Alek Wek + Jeremy O. Harris in 'Tender Head' by Campbell Addy for Interview Magazine

IMG model Alek Wek and playwright Jeremy O. Harris star in ‘Tender Head’, an original short story by Harris and fashion editorial for Interview Magazine, published online October 4, 2019. Gabriella Karefa-Johnson styles the duo for images by Campbell Addy. / Makeup by Raisa Flowers; hair by Susy; set design Michael Younker.

AOC last encountered Jeremy O. Harris in his New York Times interview with Rihanna, after her new partnership with LVMH was announced.

Harris’ words and tight, poignant prose in ‘Tender Head’ are emotionally and psychologically gripping, as he writes from the interior perspective of the experience. Known for his work on ‘Daddy’ and now ‘Slave Play’, Jeremy O. Harris was the winner of the 2018 Paula Vogel Playwriting Award, given by the Vineyard Theatre in New York City.

Broadway.com, hardly known for featuring insightful commentary on plays, shares a gripping commentary written by Beth Stevens about ‘Slave Play’.

At the packed invited dress rehearsal of Jeremy O. Harris’ daring Slave Play, director Robert O’Hara addressed the crowd as he stood on stage beside the playwright. “If you come expecting comfort, you may not have it,” O’Hara boomed. “I will not give it to you.” If the audience squirmed a bit, it would not be the last time that evening. There is plenty of discomfort to be had in Harris’ controversial Broadway debut play, which addresses inherited psycho-sexual dynamics and racial trauma for three couples as played out in what is billed as an “antebellum fever dream.” Even the play’s title is uncomfortable.

Harris’ ‘Tender Head’ is so moving that I must call up a Nina Simone moment — remixed in modern, sound in 2013 by Sony. For our young people, if you haven’t heard this powerful 1969 anthem to black beauty, creativity and talent, listen in to Nina Simone’s ‘Young, Gifted and Black’.

The sadness lies in this epic song being almost five decades old, playing at a moment where Atatiana Jefferson lies stone, cold dead in Fort Worth, Texas, reminding us of how far we haven’t come from these Nina Simone days. The only small sign of civic improvement in racial justice in America is that the white officer Aaron Y. Dean has been charged with her murder in a rare act of immediate, professional and by-the-book police department leadership.

Campbell Addy’s fab images of Harris and Alex Wek give major credence to the words of Nina Simone’s ‘Young, Gifted and Black’, while Harris’ ‘Tender Head’ frames the moment in today’s life in America.

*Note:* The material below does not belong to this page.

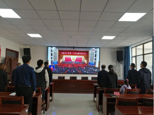 2022年10月16日上午,水利与建筑工程学院党员干部在工科实训楼1号会议室集中收看党的二十大开幕直播盛况。
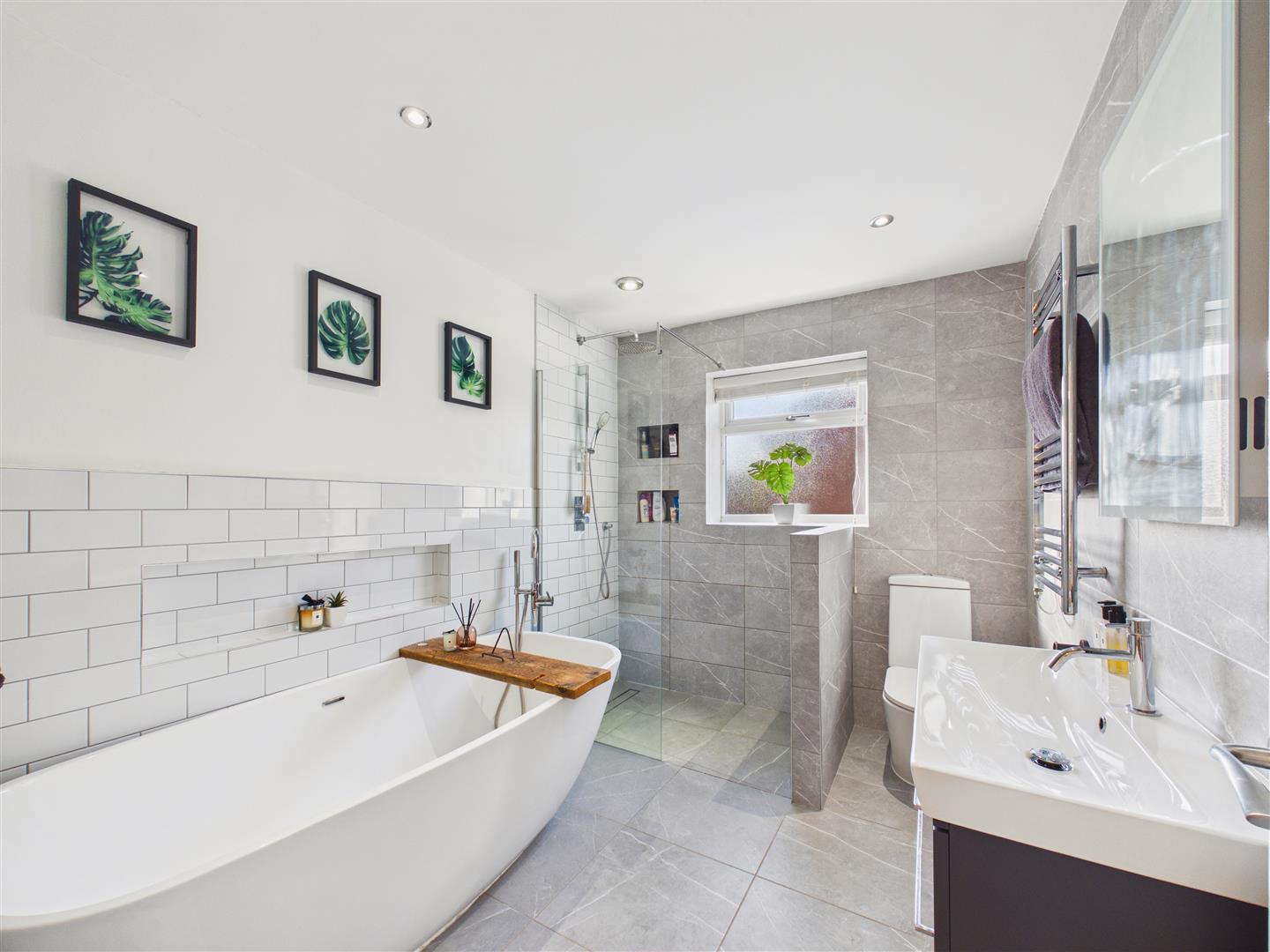 Fitted with a luxurious suite comprising a deep bath with freestanding tap and shower attachment, walk in shower, vanity unit with wash hand basin and low flush W.C. Heated towel rail, tiling to floor part tiling to walls, and window to side.

So shut down your damn i-Phone, forget your Twitter feed for five minutes, take a deep inhale and read the rest of the simple’ loving Tender Heads: Although I’m tempted to publish the entire short read as a public service announcement, Interview deserves your presence.

Tender Head

I sat at her feet, my mother, her thighs against my shoulders and my head upon her knee as she’d transform me.

“You’re tenderheaded, but stay still…we almost done.”

Having a tender head meant I’d never not wince during, but this was the ritual. The washing and wincing, the conditioning and wincing, the combing and wincing, the drying and wincing, the braiding and wincing. In the midst of the wince, eyes squeezing lid against lid and tears forming in the crevices, I would begin to formulate an image of who I’d be when the wincing subsided.